## Exercise requirements
Print the whole listing again exactly, keeping no pictures in it.

START Extracted entries

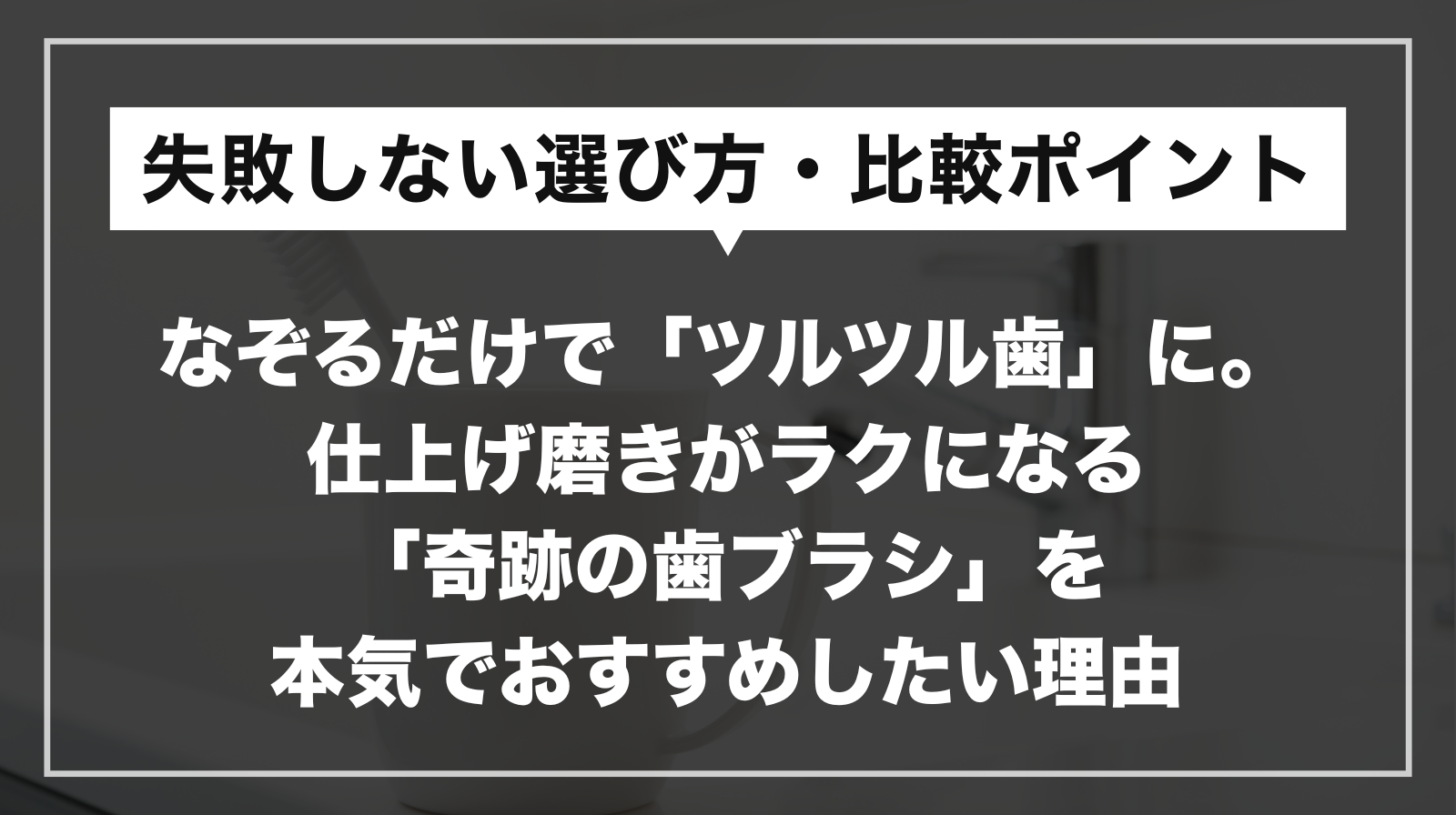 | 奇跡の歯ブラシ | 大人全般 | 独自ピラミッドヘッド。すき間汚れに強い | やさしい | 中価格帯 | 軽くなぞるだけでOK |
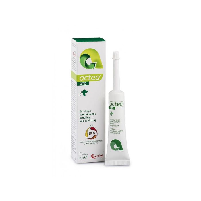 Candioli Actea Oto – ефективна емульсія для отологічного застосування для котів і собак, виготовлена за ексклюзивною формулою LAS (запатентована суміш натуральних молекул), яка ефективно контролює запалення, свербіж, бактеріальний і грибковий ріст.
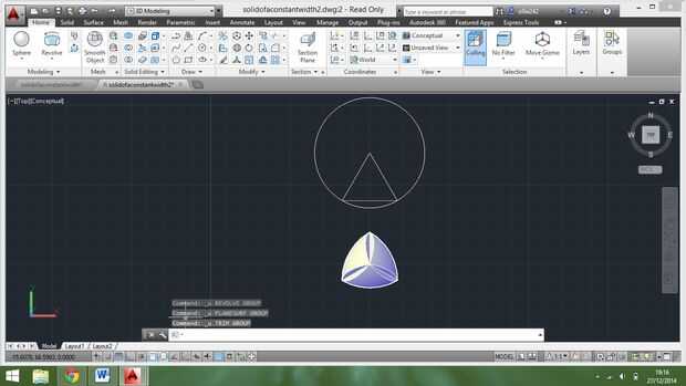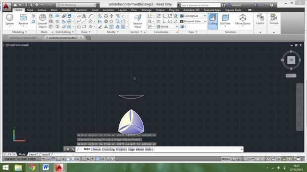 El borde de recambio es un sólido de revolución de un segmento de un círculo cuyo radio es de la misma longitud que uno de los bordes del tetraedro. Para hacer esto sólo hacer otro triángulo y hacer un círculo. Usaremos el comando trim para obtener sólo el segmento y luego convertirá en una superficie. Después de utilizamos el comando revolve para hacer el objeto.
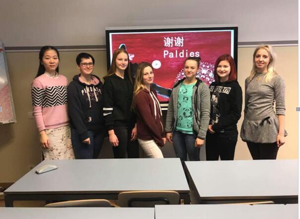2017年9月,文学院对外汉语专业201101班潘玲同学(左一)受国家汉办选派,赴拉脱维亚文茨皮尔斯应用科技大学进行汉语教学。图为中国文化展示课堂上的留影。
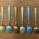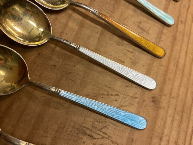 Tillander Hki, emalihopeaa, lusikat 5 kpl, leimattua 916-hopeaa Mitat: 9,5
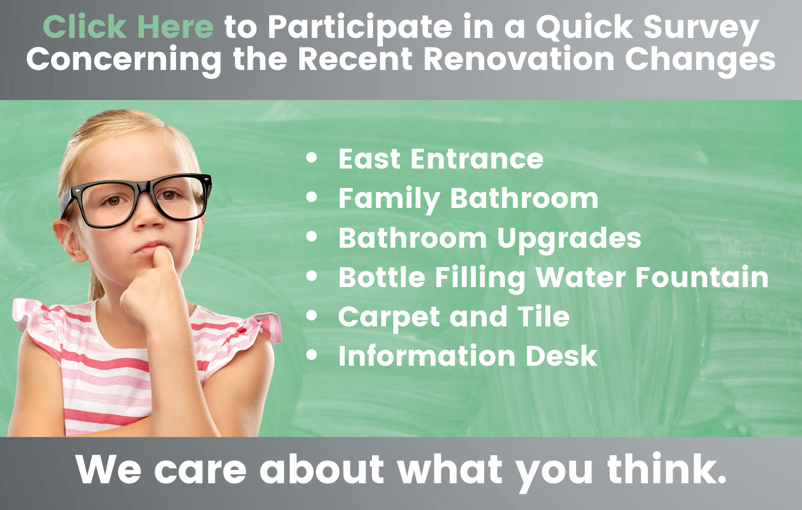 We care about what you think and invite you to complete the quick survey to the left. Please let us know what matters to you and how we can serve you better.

END Extracted entries

## Answer to the exercise
 | 奇跡の歯ブラシ | 大人全般 | 独自ピラミッドヘッド。すき間汚れに強い | やさしい | 中価格帯 | 軽くなぞるだけでOK |
 Candioli Actea Oto – ефективна емульсія для отологічного застосування для котів і собак, виготовлена за ексклюзивною формулою LAS (запатентована суміш натуральних молекул), яка ефективно контролює запалення, свербіж, бактеріальний і грибковий ріст.
 El borde de recambio es un sólido de revolución de un segmento de un círculo cuyo radio es de la misma longitud que uno de los bordes del tetraedro. Para hacer esto sólo hacer otro triángulo y hacer un círculo. Usaremos el comando trim para obtener sólo el segmento y luego convertirá en una superficie. Después de utilizamos el comando revolve para hacer el objeto.
2017年9月,文学院对外汉语专业201101班潘玲同学(左一)受国家汉办选派,赴拉脱维亚文茨皮尔斯应用科技大学进行汉语教学。图为中国文化展示课堂上的留影。
 Tillander Hki, emalihopeaa, lusikat 5 kpl, leimattua 916-hopeaa Mitat: 9,5
 We care about what you think and invite you to complete the quick survey to the left. Please let us know what matters to you and how we can serve you better.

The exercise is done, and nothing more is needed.